Toys exempt from tariffs sought by Hasbro due to ongoing sales of Magic: The Gathering cards

Updated Scenario:

Got 'em good and raw, folks! Let's dive into the world ofHasbro, baby, and the ol' Trump administration's whacky tariff shenanigans.

It's been over a month since the administration's love letter to tariffs was posted up like a billboard, and chaos ensued. But guess who's not crying into their shareholder’s profits? That's right, Hasbro, bitches!

On a recent investor call, the big boss man, Chris Cocks, said Hasbro's got its toes kicked up in the global trade sandbox, ride or die. A significant portion of their games biz is digital, or for their board game squad, it's all about Uncle Sam. Wizards of the Coast, the folks behind the legendary Dungeons & Dragons and Magic: The Gathering, are Cali cool, with low tariff exposure, thanks to their stateside operations in Texas and North Carolina. The international suppliers for Wizards are either over in Kyoto, Japan or Europe, both cruising on tariff-free passes, for now, at least.

Oh, China, you got the short end of the stick. Smacked with most of those tariffs, they're still the major manufacturing hub for Hasbro, but the D&D boxed sets are the only Wizards imports hailing from the Middle Kingdom. Yes, that's right, Chris Cocks acknowledged they've been doing some fancy logistics twirls, and they have their eyes set on a more predictable and kinda friendly U.S. trade policy environment. The Toy Association's got Cocks' back, advocating for zero tariffs on toys and games worldwide, and he's all about it.

"Tariffs, they're just a tax on consumers, my friend," Cocks stated. "You add 'em, you're looking at potential job losses, reduced profits for shareholders, and a world container ship full of uncertainty." But hey, their game plan is unchanged; they're secure in their powerful games and licensing divisions, and they're holding tight. But if these darn tariffs keep stickin' around, they could be scuttling in some structural costs and, you know, pirate treasure, galley slaves, and whatnot.

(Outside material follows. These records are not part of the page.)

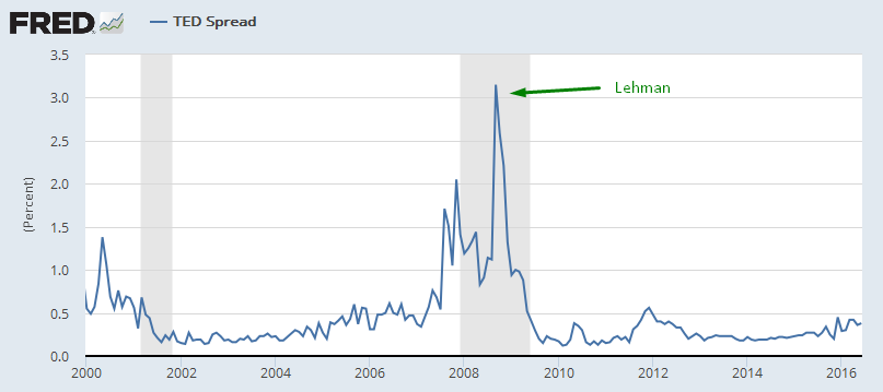 Wracając jeszcze do kwestii wpływu referendum na rynek międzybankowy dla dolara, skąd takie powiązanie? Wynika to z faktu, iż wiele brytyjskich jak i amerykańskich instytucji finansowych pozyskuje w ten sposób (z rynku międzybankowego) kapitał. Na koniec kwietnia bieżącego roku kwota uzyskanej w ten sposób gotówki sięgnęła 650 mld USD, z których tylko 215 mld USD było zabezpieczona poprzez użycie transakcji typu repo (repurchase agreement). Pozostała kwota niezabezpieczonych pożyczek stanowiła aż 38% całkowitych aktywów funduszu rynku pieniężnego. Ryzyko Brexitu podnosi więc obawy, a zarazem koszt pozyskania przez amerykańskie instytucje finansowe środków, co też ukazuje rosnące napięcie i strach przed niewypłacalności banków, będących uczestnikami rynku pieniężnego (dla porównania w okresie kryzysu z 2008 roku inna miara ryzyka w sektorze międzybankowym tzw. TED Spread, również pokazała ogromny wzrost, co też widoczne jest na wykresie poniżej).
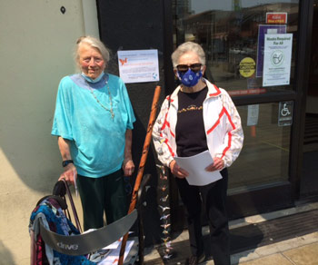 Photo (left): Deetje Boler and Anne Politeo leafleting in San Francisco’s Japan Town on 6 August. Photo by Betty Traynor, used with her permission.
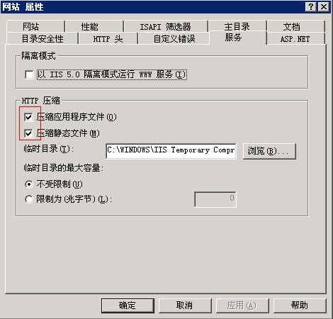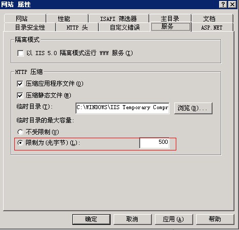 壓縮后的緩存文件會存放在C:/WINDOWS/IIS Temporary Compressed Files 因此建議在IIS--網(wǎng)站--屬性--服務(wù),設(shè)置一個大小,避免C盤被占滿了。如圖:
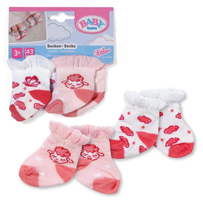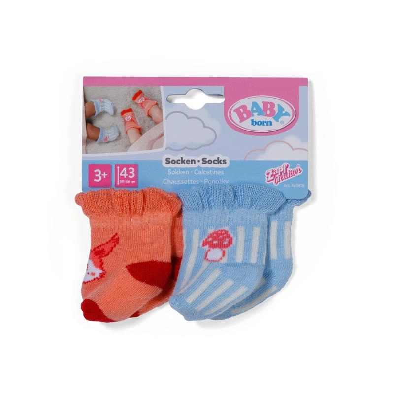 Elke verpakking bevat 2 paar in bijpassende kleuren met lieve prints. Kies uit twee varianten: een zachte, speelse set met een schaapje en vlinder, of een opvallendere combinatie met een vosje en vliegenzwam. De sokken vormen een mooie aanvulling op de garderobe van alle BABY born outfits en stimuleren de fantasie tijdens het spelen.

For now, Hasbro ain't stressing the tariff waves on their Wizards products. According to Cocks, Magic: The Gatheringwoke up on the wrong side of the bed with a surging business for the first quarter of 2025-2026, knocking out some mighty impressive 46% revenue growth.

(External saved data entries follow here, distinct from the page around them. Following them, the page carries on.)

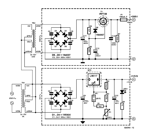 В узле электронного дросселя (ЭД) в приведённой схеме БП транзистор (ПТ) имеет потенциально опасное включение - в таком виде как есть может возникать паразитная генерация вплоть до разрушения самого ПТ. В цепь затвора рекомендуется ставить сопротивление, которое вкупе с паразитной входной ёмкостью будет работать антизвонной цепочкой. Ну и при монтаже никаких длинных проводников к этому ПТ. Кстати, если ЭД собран правильно и работает, то щелчка при включении быть не должно.
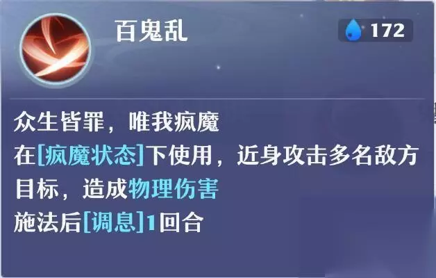2、百鬼乱:在疯魔buff的帮助下,伤害极高。
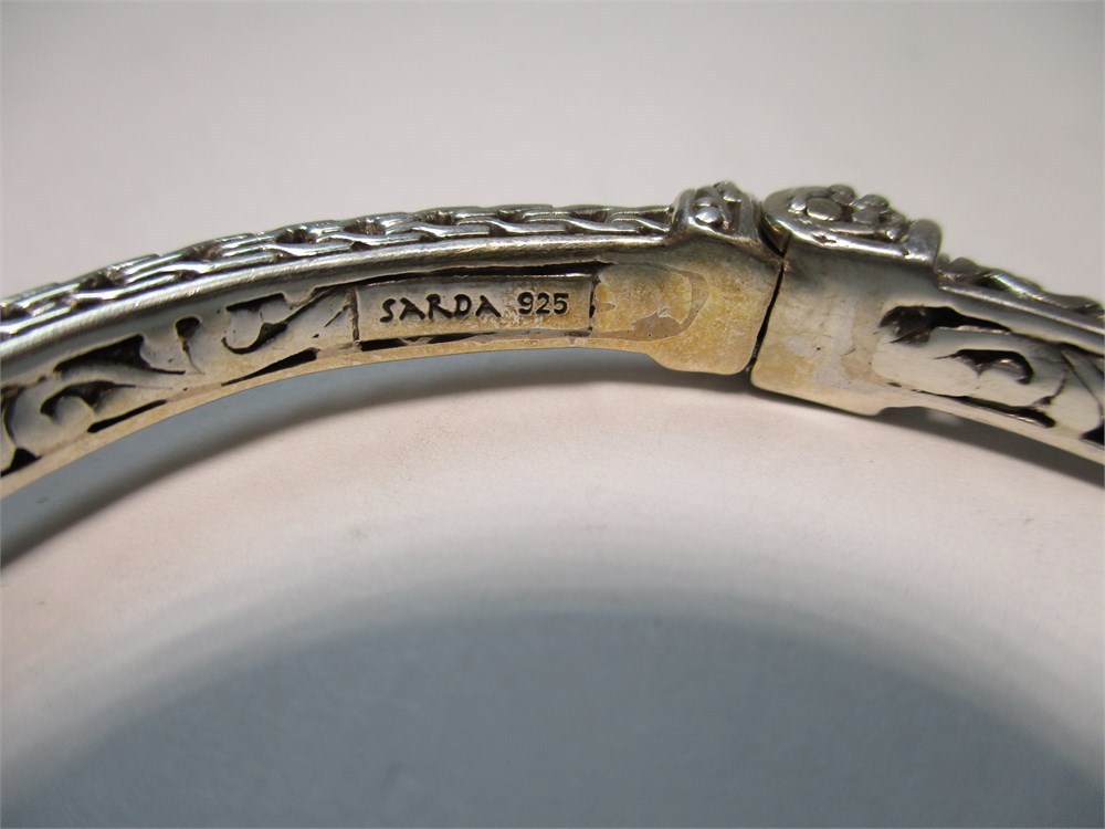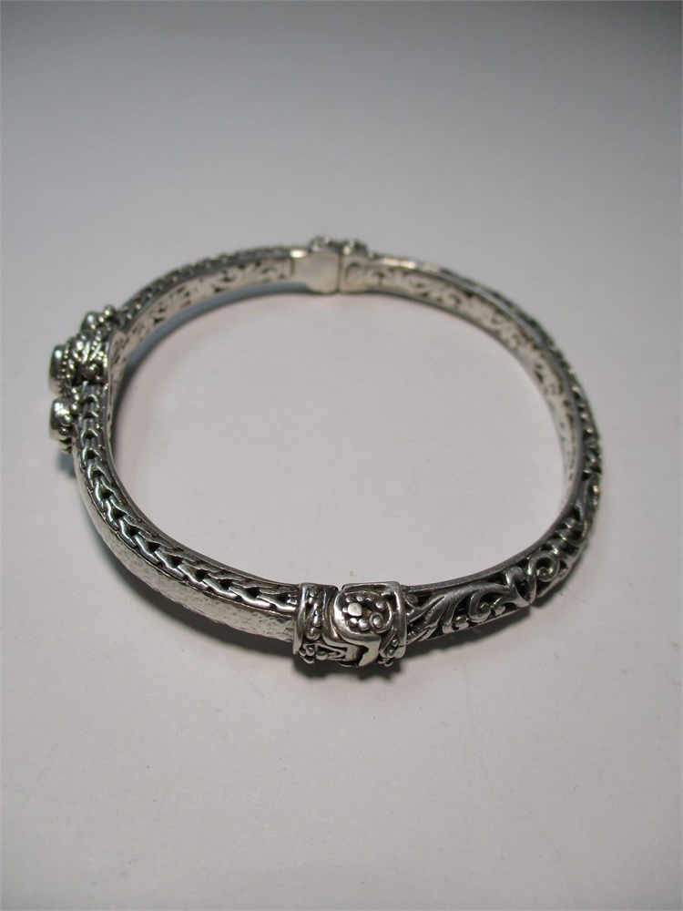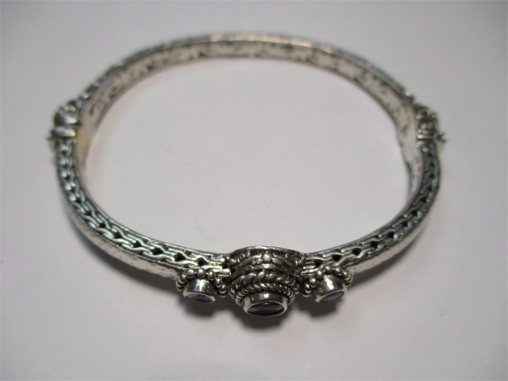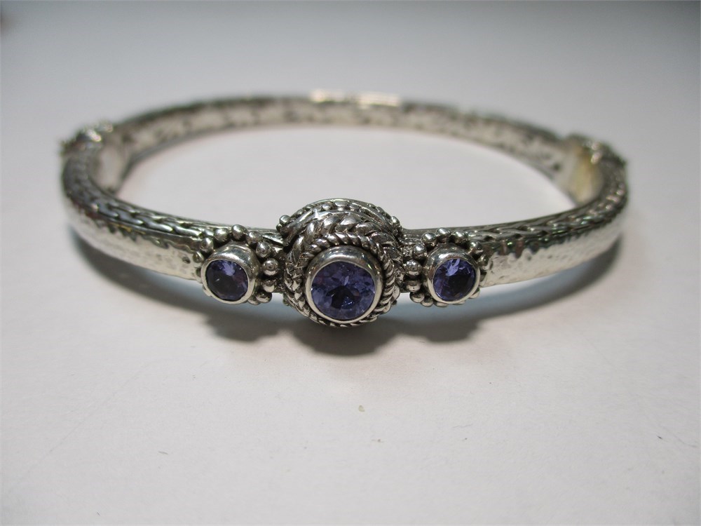 A Beautiful Balinese Artisan Crafted, Ornate, Sterling Silver and 3 Round Faceted Tanzanite Stones Bracelet. A lovely combination of a hammered finish and scrolling detail.  It has a magnetic closure which makes it very secure with a 2.25" inside diameter.  A lovely yet simple piece.  Hallmarked Sarda 925.

Cocks gave props to the card game's continued strength in licensing, specifically the upcoming crossover with Final Fantasy. The Universes Beyond set drops June 13, and the pre-orders have already sunk records, making it the most successful Magic set ever.

So, gather 'round, kids, and hear the tale of the latest Marvel, Star Wars, Star Trek, DC Universe, and Doctor Who happenings while we keep our peepers on Hasbro, the one company that ain't bowing to Trump's tariffs.

  1. Despite the ongoing tariff shenanigans by the Trump administration, Hasbro's future remains unaffected, as evidenced by their remarkable 46% revenue growth for the first quarter of 2025-2026, particularly in the Magic: The Gathering game.
  2. Io9 and Gizmodo might be interested to know that Hasbro is expecting a notable event in the gaming industry with the upcoming crossover between Magic: The Gathering and Final Fantasy, set to release on June 13, breaking pre-order records and making it the most successful Magic set ever.
  3. In the face of increased tariffs, Hasbro's CEO, Chris Cocks, has vocalized his support for a zero-tariff policy on toys and games worldwide, aligning with The Toy Association's advocacy.
  4. While the future of international trade policies is uncertain, Hasbro is maintaining its focus on the strength of its games and licensing divisions, preparing for a more predictable business environment that could reduce structural costs associated with tariffs.